La dignité

Ne sommes-nous pas, non à l'instant où les Athéniens s'atteignirent, mais à celui où leur exigence politique atteint enfin les Européens ? Passons sur le credo de Jean-Claude Junker selon qui « il ne peut y avoir de choix démocratique contre les traités européens ».

Ne sommes-nous pas, non à l'instant où les Athéniens s'atteignirent, mais à celui où leur exigence politique atteint enfin les Européens ? Passons sur les tenants non grecs du « oui » qui s'en sont pris à celui qui a osé organiser un référendum, même après son implacable résultat : ils ont un problème avec la démocratie. Ou ont fait leur le credo de Jean-Claude Junker selon qui « il ne peut y avoir de choix démocratique contre les traités européens ». Passons sur les contradictions de ceux qui disent « respecter » l'expression des Grecs tout en expliquant qu'elle ne change rien : ils accréditent la thèse selon laquelle, si la dictature c'est ferme ta gueule, la démocratie, c'est cause toujours.

Que les socio-démocrates allemands évoquent l'urgence humanitaire dans laquelle est plongée la Grèce, est peut-être un signe que, finalement, un message leur est parvenu, mais ils sont aussi durs que la chancelière. On ne sait pas si la suggestion de « convertir la dette en investissements »  présentée dans le Monde diplomatique par des économistes post-keynésiens, et présentée tant à Tsipras qu'à Hollande, a des chances d'être entendue. Elle a le mérite de proposer une issue à la crise, de sortir de la spirale infernale d'une dette qui n'en finit pas de gonfler tout en condamnant un pays à courir à grands pas vers le moyen-âge.

Cela est-il acceptable pour les adeptes de l'économie-casino de laisser l'argent, le nôtre à ce qu'ils disent en pensant très fort que tout leur appartient, aller vers la production de biens utiles à la satisfaction des besoins humains essentiels plutôt que dans les paradis fiscaux ? Les arbres ne montent pas jusqu'au ciel, rappelaient les boursicoteurs américains de la fin du XX° siècle. 

Peut-être sommes-nous à ce stade où la politique, qui n'est pas seulement l'art de conquérir et conserver le pouvoir, mais aussi celui de s'occuper des affaires communes, doit reprendre le pouvoir qu'elle consent depuis trop d'années au monde de la finance. Sans doute, ce dernier n'aime pas recevoir des leçons de dignité. Mais est-il bien digne de la liberté sans limite que les dirigeants lui ont accordée ? Est-ce encore viable longtemps d'accepter que seulement 2% des échanges financiers de la planète correspondent à des échanges de véritables biens et services ? On sait ce que font les 98% restants : ils spéculent, déconnectés du monde réel, guidés par des ordinateurs surpuissants programmés pour jouer sur tous les tableaux, des systèmes de protection sociale aux cours des denrées alimentaires de base.

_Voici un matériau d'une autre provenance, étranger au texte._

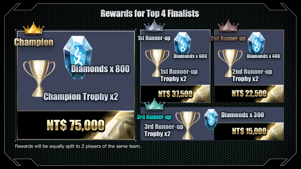 Caution: The above ranking rewards will be shared equally by the two players of the same team. Contestants who fail to finish the Top 4 match for any reason will not be eligible to claim the participation rewards.

La démocratie peut-elle contrôler les automates du monde de la finance ? Elle le doit ! Il y a du boulot ! En Europe, c'est un petit pays représentant 2% de la richesse économique qui a commencé par s'y coller, réalisant une union politique interne - sans les néo-nazis d'Aube dorée - qui fait penser à la coalition qui portait, dans la France de 1944, le programme du Conseil National de la Résistance !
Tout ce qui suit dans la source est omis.